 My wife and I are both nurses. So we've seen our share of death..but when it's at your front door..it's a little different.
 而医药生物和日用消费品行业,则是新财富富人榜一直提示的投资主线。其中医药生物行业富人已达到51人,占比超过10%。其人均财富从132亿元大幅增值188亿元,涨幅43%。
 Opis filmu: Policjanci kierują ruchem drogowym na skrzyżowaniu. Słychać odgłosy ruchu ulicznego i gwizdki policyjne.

--

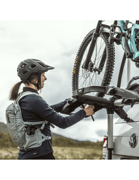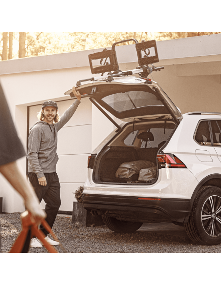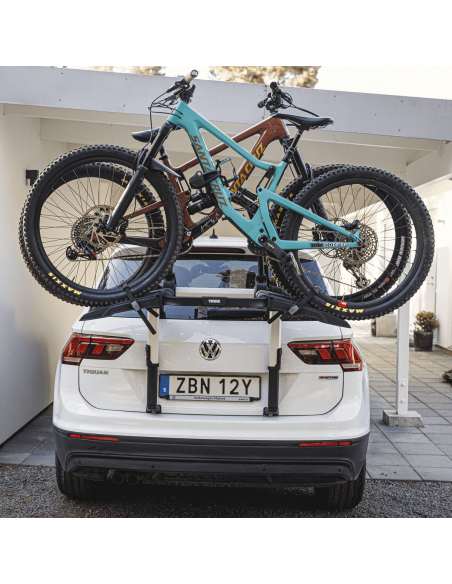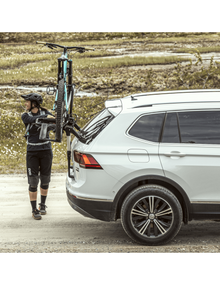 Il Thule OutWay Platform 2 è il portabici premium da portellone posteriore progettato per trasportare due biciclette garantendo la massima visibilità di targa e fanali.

--

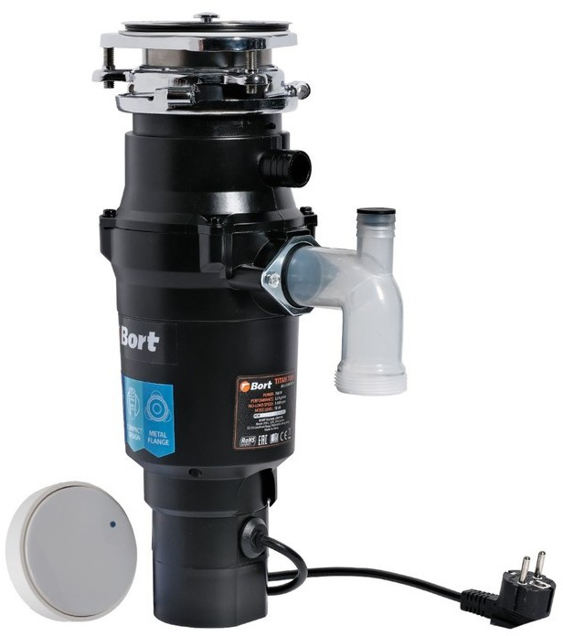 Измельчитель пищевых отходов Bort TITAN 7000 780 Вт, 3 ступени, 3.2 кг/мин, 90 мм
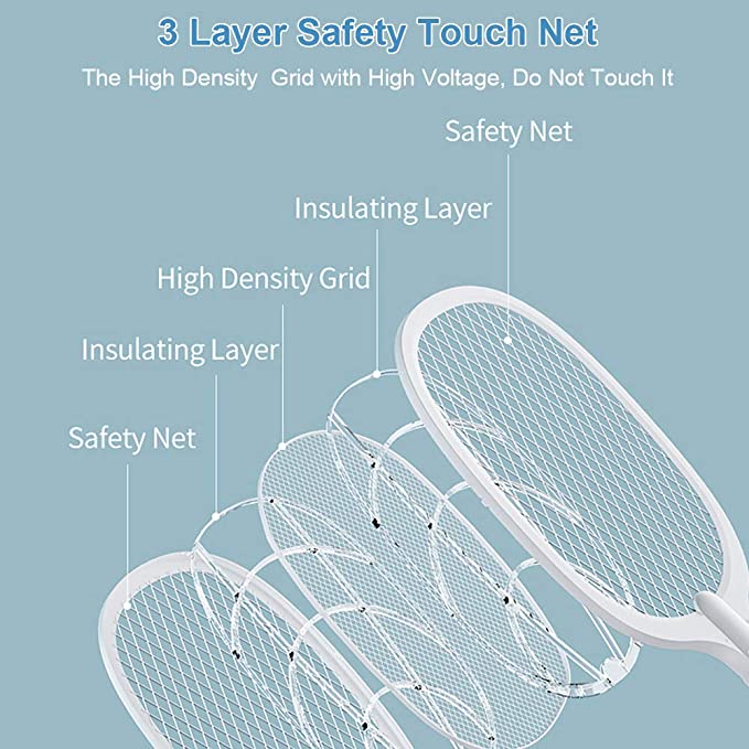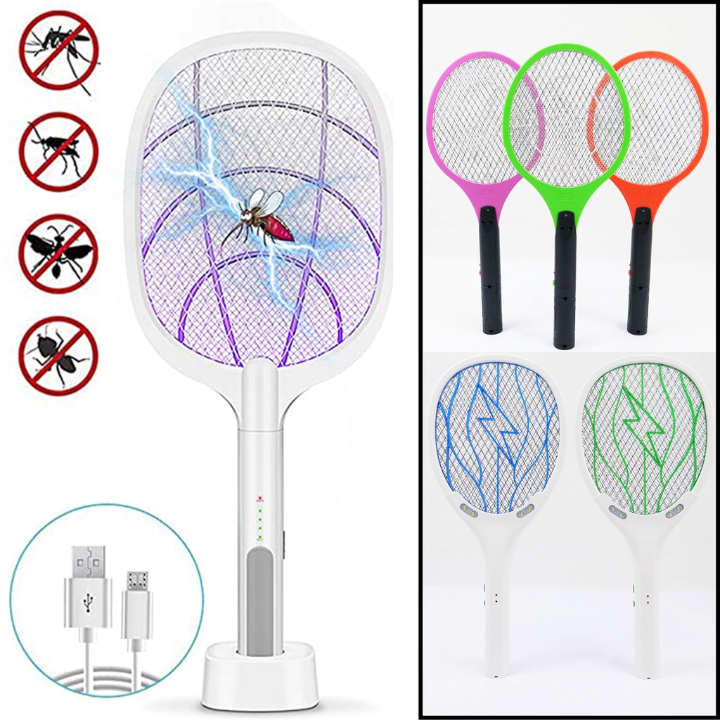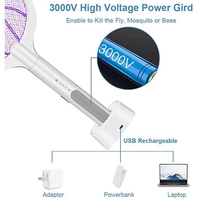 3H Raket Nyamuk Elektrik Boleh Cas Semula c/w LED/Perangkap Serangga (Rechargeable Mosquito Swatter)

Requirement> There is a line with "而医药生物和日用消费品行业,则是新财富富" and a line with "Opis filmu: Policjanci" above. Copy exactly those two lines and all lines between them, with nothing else.

Exercise solution>
 而医药生物和日用消费品行业,则是新财富富人榜一直提示的投资主线。其中医药生物行业富人已达到51人,占比超过10%。其人均财富从132亿元大幅增值188亿元,涨幅43%。
 Opis filmu: Policjanci kierują ruchem drogowym na skrzyżowaniu. Słychać odgłosy ruchu ulicznego i gwizdki policyjne.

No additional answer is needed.